*Exercise data*.
============================================================
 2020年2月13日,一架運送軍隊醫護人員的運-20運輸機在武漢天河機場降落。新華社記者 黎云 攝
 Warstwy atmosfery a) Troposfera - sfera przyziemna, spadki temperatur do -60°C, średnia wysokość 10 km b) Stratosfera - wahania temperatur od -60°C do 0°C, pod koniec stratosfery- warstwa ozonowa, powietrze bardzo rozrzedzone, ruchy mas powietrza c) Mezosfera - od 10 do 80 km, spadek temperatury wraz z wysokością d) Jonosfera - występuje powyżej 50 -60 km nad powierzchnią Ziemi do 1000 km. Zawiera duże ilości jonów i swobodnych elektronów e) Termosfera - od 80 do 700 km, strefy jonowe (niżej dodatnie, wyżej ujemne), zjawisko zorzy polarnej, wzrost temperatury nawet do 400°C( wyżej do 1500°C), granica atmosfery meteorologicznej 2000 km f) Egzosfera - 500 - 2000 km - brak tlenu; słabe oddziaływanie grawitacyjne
============================================================
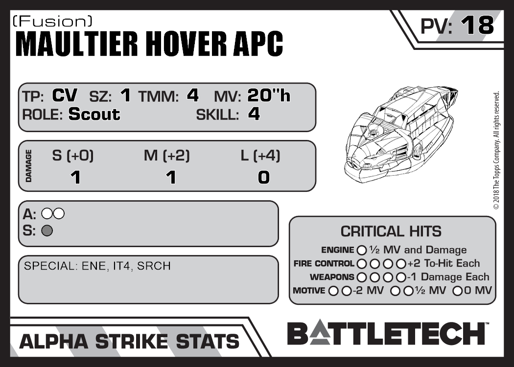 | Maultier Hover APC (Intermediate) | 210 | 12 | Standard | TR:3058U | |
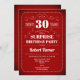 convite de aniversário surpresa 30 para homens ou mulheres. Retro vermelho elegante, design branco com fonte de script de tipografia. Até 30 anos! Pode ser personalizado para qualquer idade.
============================================================
*Work to complete*. Only the lines above from the one with "2020年2月13日,一架運送軍隊醫護人員的運-20運輸機在武漢天河機場降落。新華社記者 黎云 攝" through the one with "Warstwy atmosfery a)" should be duplicated, character for character.

*Task output*.
 2020年2月13日,一架運送軍隊醫護人員的運-20運輸機在武漢天河機場降落。新華社記者 黎云 攝
 Warstwy atmosfery a) Troposfera - sfera przyziemna, spadki temperatur do -60°C, średnia wysokość 10 km b) Stratosfera - wahania temperatur od -60°C do 0°C, pod koniec stratosfery- warstwa ozonowa, powietrze bardzo rozrzedzone, ruchy mas powietrza c) Mezosfera - od 10 do 80 km, spadek temperatury wraz z wysokością d) Jonosfera - występuje powyżej 50 -60 km nad powierzchnią Ziemi do 1000 km. Zawiera duże ilości jonów i swobodnych elektronów e) Termosfera - od 80 do 700 km, strefy jonowe (niżej dodatnie, wyżej ujemne), zjawisko zorzy polarnej, wzrost temperatury nawet do 400°C( wyżej do 1500°C), granica atmosfery meteorologicznej 2000 km f) Egzosfera - 500 - 2000 km - brak tlenu; słabe oddziaływanie grawitacyjne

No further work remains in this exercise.